Out, damned spot: wheat disease faces genetic nemesis

Wheat stem rust, an inexorable pathogen of Australia's wheat belt since 1925, is destined to be run over by the genetic equivalent of a four-decker bus.

A CSIRO Plant Industry research team, led by Dr Rohit Mago, has identified DNA markers tightly linked to four major stem rust resistance genes imported into the wheat genome from two primitive wheat varieties, and two of wheat's relatives: wheatgrass (Agropyron) and rye (Secale).

They are now working to create a single breeding line, homozygous for all four resistance genes.

It will be game over for stem rust (Puccinia graminis) -- any new cultivar bred from the quadruply protected line will be impervious to infection by any current or future stem rust strain.

The four resistance loci -- Sr24, Sr26, Sr31 and SrR -- individually provide strong resistance to stem rust. Mago said Sr24 is already widely used in Australian wheat cultivars, which typically carry four to six resistance loci.

When Sr26 was imported, it came with a bunch of deleterious genes that reduced yield in resistant varieties.

Collaborating research groups, at the University of Adelaide's Waite Institute, and in the US, used repeated crosses and recombination events to 'prune' the imported chromosome segments to a bare minimum, while retaining the resistance genes.

Mago's team then developed new DNA markers for the pruned chromosome segments, so tightly linked to the Sr26, Sr31 and SrR loci that they virtually guarantee if a DNA marker is present, and so is the resistance gene it marks.

Each new resistance gene imposes intense selection pressure on the rust. In the pattern of the past eight decades, cultivars protected by Sr24 would eventually succumb to a 'breakthrough' mutant, forcing breeders to import a new resistance gene.

According to Mago, the rust will eventually win every battle in this style of serial, gene-for-gene combat. Any mutation that deletes or modifies the component of the rust that induces the resistance response leaves the plant vulnerable.

With another resistance gene like Sr26 to back up Sr24, the odds against two 'breakthrough' mutations occurring simultaneously in two genes in the same rust fungus increase enormously. With three genes the chances of breakthrough are effectively zero; a fourth resistance gene is overkill.

Mago said his team already developed crosses featuring Sr24 paired with Sr31 or Sr26, and will now cross these lines, with the aim of having its first quadruple-whammy cultivar ready for field testing in four years.

The CSIRO team is already moving to employ a similar strategy with the other two major rust pathogens of wheat: stripe rust (Puccinia striiformis), and leaf rust (P. triticina). The triumvirate of rusts cause total production losses averaging AUD$300 million annually in the Australian wheat industry.

Mago said the resistance genes -- more accurately, genetic loci tightly linked to as-yet anonymous genes conferring high-level resistance to rust -- have been identified over the past few decades by Canadian, Australian and European geneticists.

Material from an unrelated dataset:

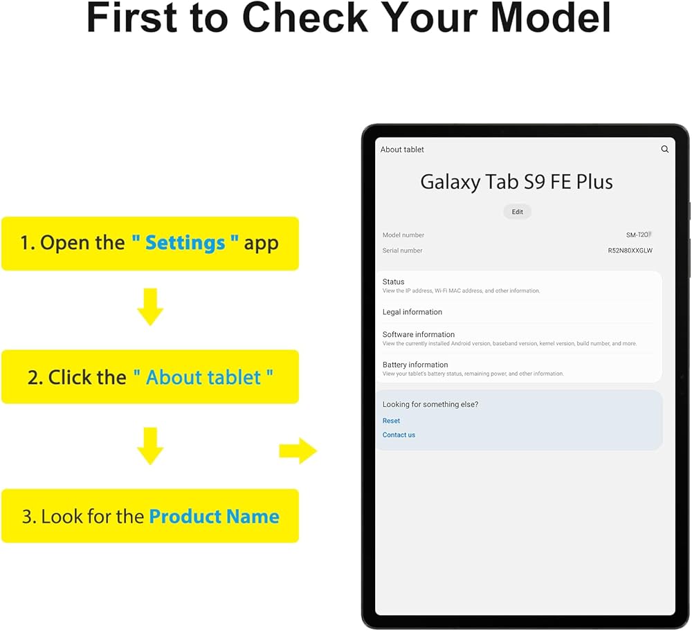 الملاءمة: يرجى التحقق من طراز جهازك اللوحي قبل الشراء لضمان التوافق مع جهاز Galaxy Tab S9 FE Plus مقاس 12.4 بوصة

He said the precision of the new DNA markers will halve the time required to coalesce all four genes in a single cultivar. The simple presence of a DNA marker for each resistance gene will confirm the breeding line is resistant, without the need to expose it to rust infection.

The task of coalescing the full range of resistance genes for stem, strip and leaf rust could be completed even more rapidly with recombinant DNA technology, but Mago said public concerns with gene technology would preclude this approach for the time being.